1) Check the input file named ch4-0.fdf
in the directory Ex4/mesh-30ry

The system is a methane molecule, inside a
cubic cell of 10 Ang side.
The carbon atom is localized at the origin.

Now, look for the the mesh cutoff chosen in the
input file. Run SIESTA with this input file, using the
pseudopotential file C.ps in the directory Ex4/Pseudos

Read the output, paying special attention to:

-The mesh used in the calculation (look for the line
 starting with: InitMesh: MESH = )
-Total energy
-Max atomic force
-Total CPU execution time

Can you calculate what is the distance between
mesh points?

Now, we do a small displacelemt in the 
position of the molecule inside our "box".
With SIESTA, you can do a rigid translation of
the system, by using the input block:

%block AtomicCoordinatesOrigin
 x y z
%endblock AtomicCoordinatesOrigin

This is done in the input file ch4-d.fdf,
which is exactly the same as the former one (ch4-0.fdf)
but with a rigid translation of (0.127,0.745,-0.33) Ang.

Run again SIESTA using this new input file.
Analize your output file and compare with the former.
Do you see anything strange? You should notice
some signs that tell you that the meshcutoff that
has been used is too small for this system.

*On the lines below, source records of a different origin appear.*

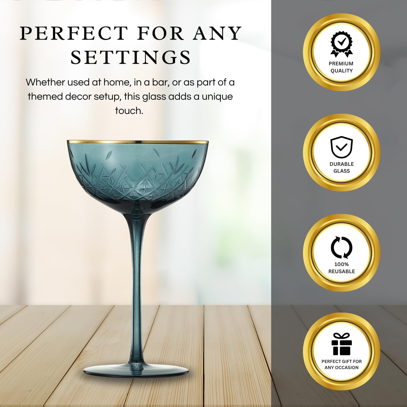 - Offering a unique hand blown Italian style, these coupe champagne glasses are a stunning accent at any table. A collection of six brilliantly colored hand blown Coupe Glasses. These glasses are both stylish and practical for serving Martini's, champagne or cocktails. The attractive gold rim around each glass is not only an attractive design element, but also adds a bit of sophistication to any table setting.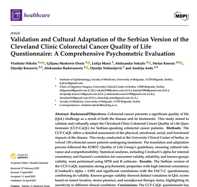 克利夫兰诊所结直肠癌生活质量问卷塞尔维亚版本的验证与文化调适:一项综合心理测量学评估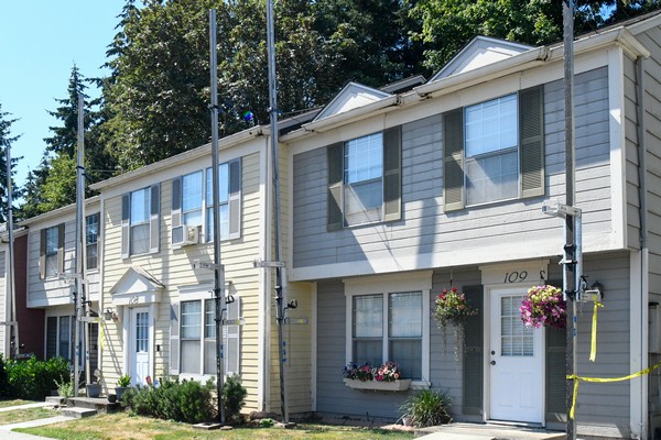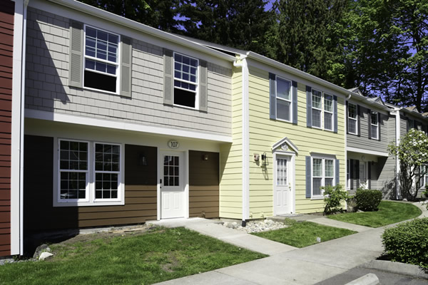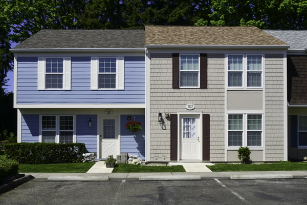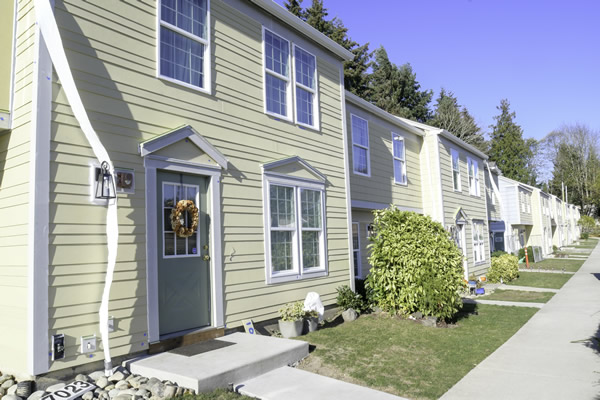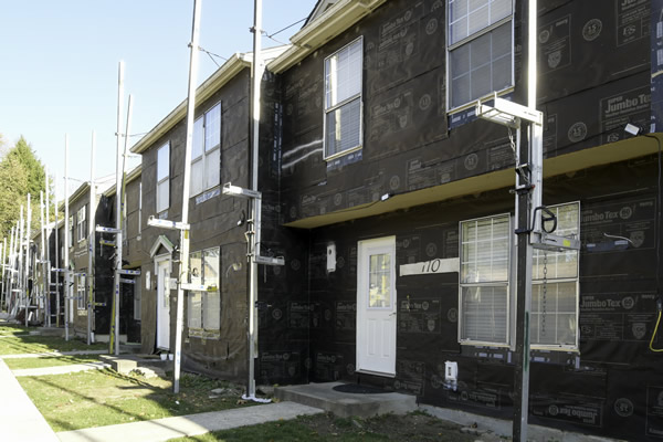 We reclad the front and backs with all types of Hardie siding; including lap, panel, shingle and shake. The different types of siding used were similar to what was existing, maintaining the row style housing's unique look.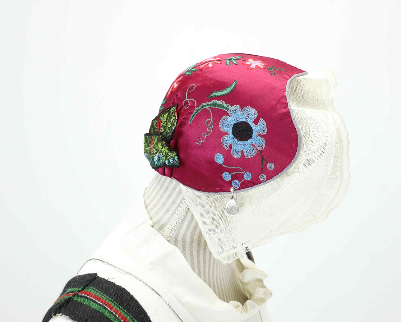 Lomma, applikationer och tenntrådsbroderier på svart kläde, skinn, mässingsbygel.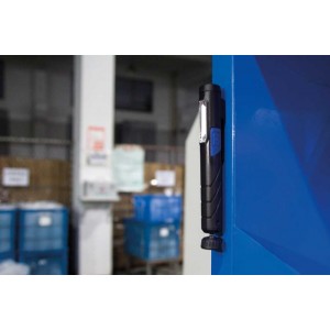 Kompaktowa latarka LED, obudowa z tworzywa, z klipsem i obrotową stopką. Zintegrowany magnes w klipsie i stopce.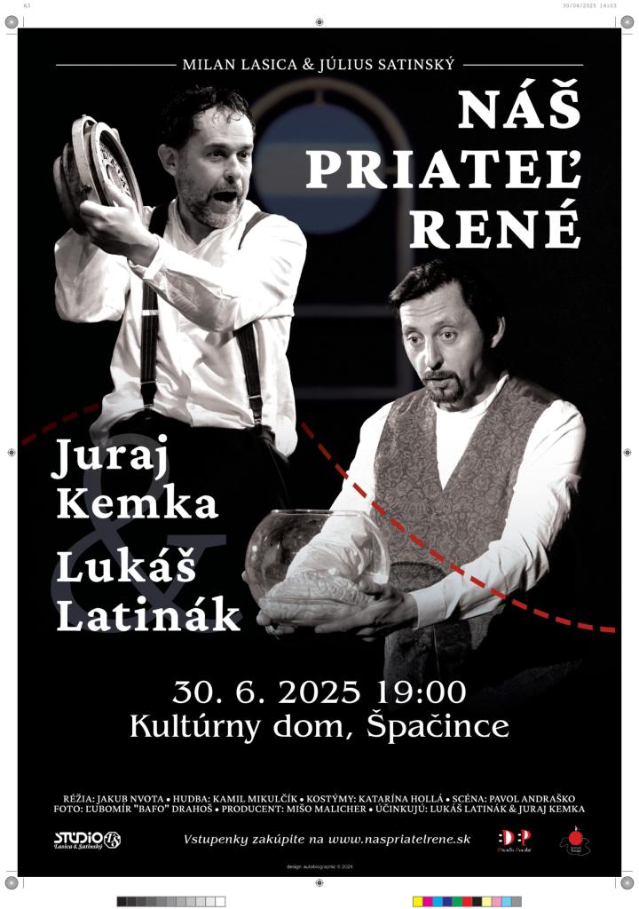 Pozývame Vás na divadelné predstavenie Náš priateľ René, ktoré sa uskutoční dňa 30.06.2025 o 19:00 hod. v Kultúrnom dome v Špačinciach.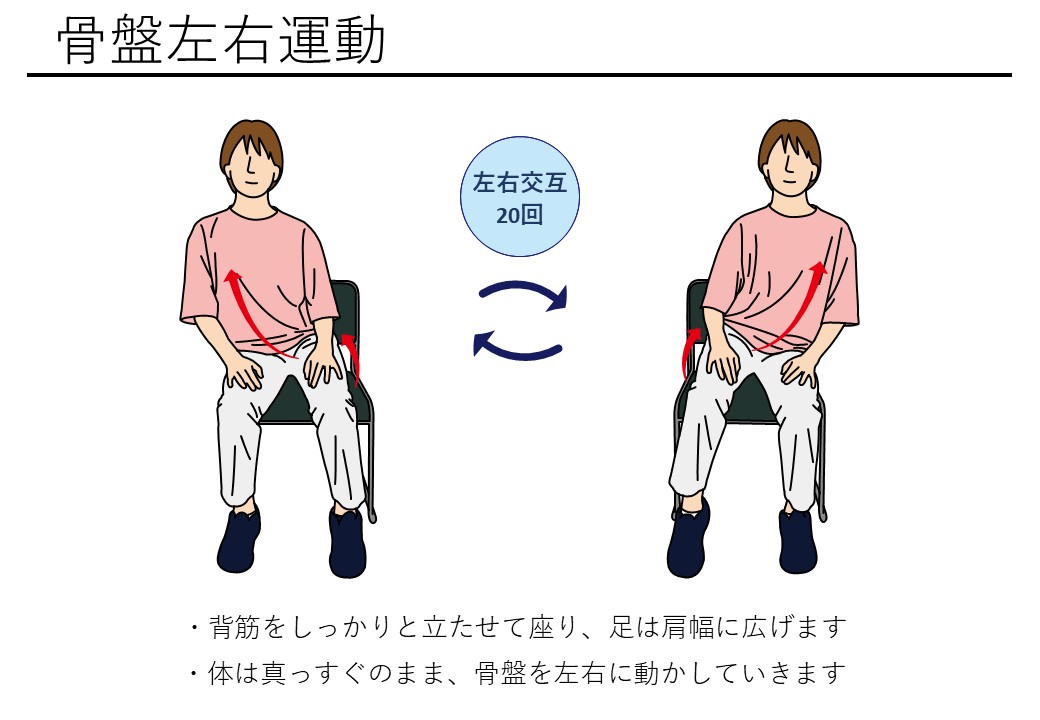 - 骨盤左右運動:椅子に座った状態で、骨盤を左右にゆっくり傾ける動作。
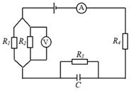 В колі, зображеному на малюнку, вольтметр показує 10 В, а амперметр 1 А. Конденсатор ємністю 3 нф має заряд 60 нКл. На скільки зміняться показники вольтметру, якщо трапиться пробій конденсатору? ЕРС джерела 40 В, його внутрішній пір 1 Ом (R1
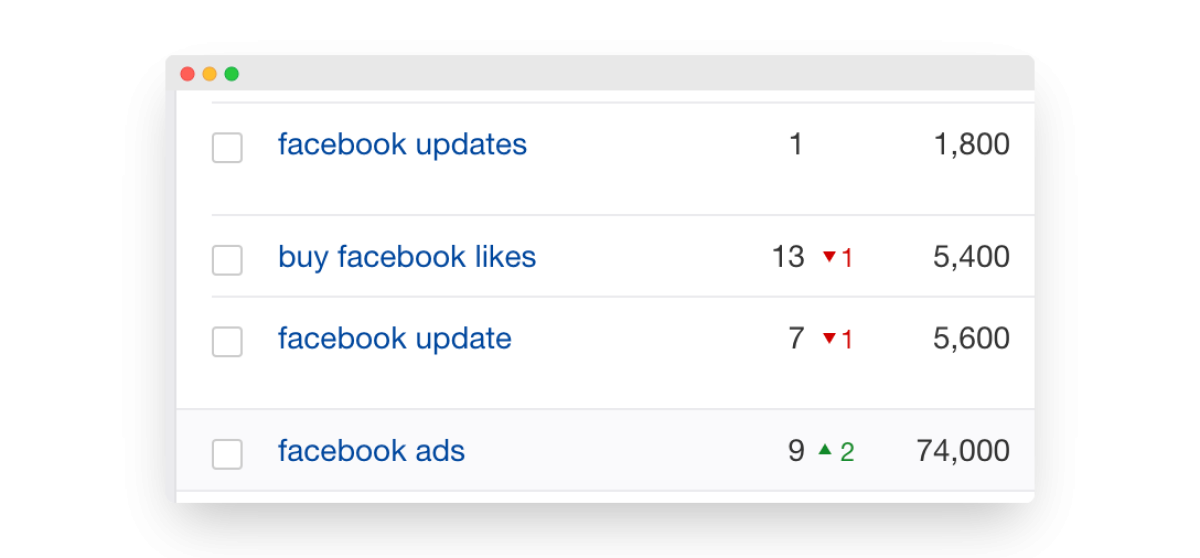 If you notice a slow decline in traffic, look first at the competition. We recommend tracking your target keywords in a tool like Ahrefs or Moz. This is the easiest way to spot changes on search engine results pages and keep an eye on your competition.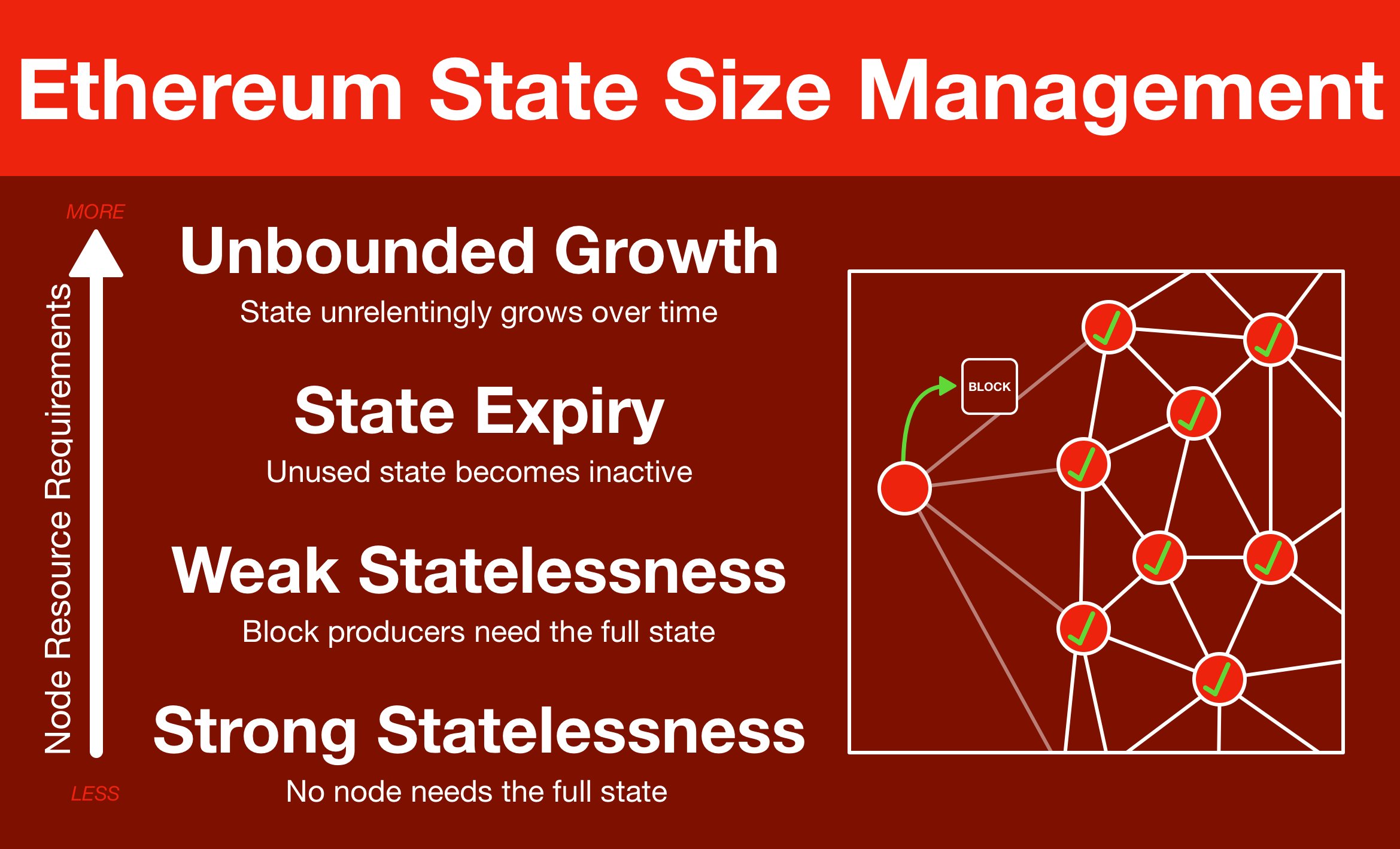 Today, the World Computer stores the entire state of the EVM; every account, every entry, all the way back to genesis. For now, that amount of data is acceptable, but without intervention the state's size will grow to infinity.

2) We will now do a series of calculations to see the
'eggbox' effect.  Go to directory Ex4/egg and use
the input file ch4.fdf.
We will plot a profile of the total
energy as a function of the displacement of the molecule
with respect to the mesh, by displacing it in small 
steps in the x direction. 
The eggbox (as a function of the displacement
of the molecule) will be periodic, with a period
that correspond to the distance between meshpoints (why?).
Do a few (say, about ten) calculations to see one of these periods.
How much to you need to displace the molecule? Of course,
this depends on the spacing between mesh points, which
you should have calculated before.
Plot the total energy and the total force
versus the displacement of the molecule.
You should be able to reproduce the results
shown in Ex4/egg/Out/e.ps.

Why are the properties of the molecule changing so much
with this translation?
Of course, the answer is that the meshcutoff is not sufficient
for this system.


3) Finding the right meshcutoff.

Go to the directory Ex4/mesh-cutoff.
Use the ch4.fdf input file, and the same pseudopotential file as before.
Do a series of calcualtions increasing the value
of the meshcutoff parameter, by steps of 10 Ry.
From the output files, extract:
-The actual used meshcutoff used (which is usually different from
 the one required in the input file!)
-The total energy
-The total force
-The CPU time

Plot the total energy and total force versus the requested
meshcutoff and the used meshcutoff. Try to decide
what would be a reasonable value for a real calculation
in this system.

An important issue: realize how the total time of your
calculation has grown with the increment of mesh cutoff
value. Always take this into account, in trying
to reach a compromise between accuracy and computational
time.

You have plots with the results that you should
obtain in Ex4/mesh-cutoff/Out

Once that you have chosen a meshcutoff whith you consider
as converged, you can again plot the eggbox effect.
(Notice that the mesh spacing has now changed!).
See how the eggbox effect has reduced.

4) Effect of the inclussion of Core Corrections in the Pseudopotential.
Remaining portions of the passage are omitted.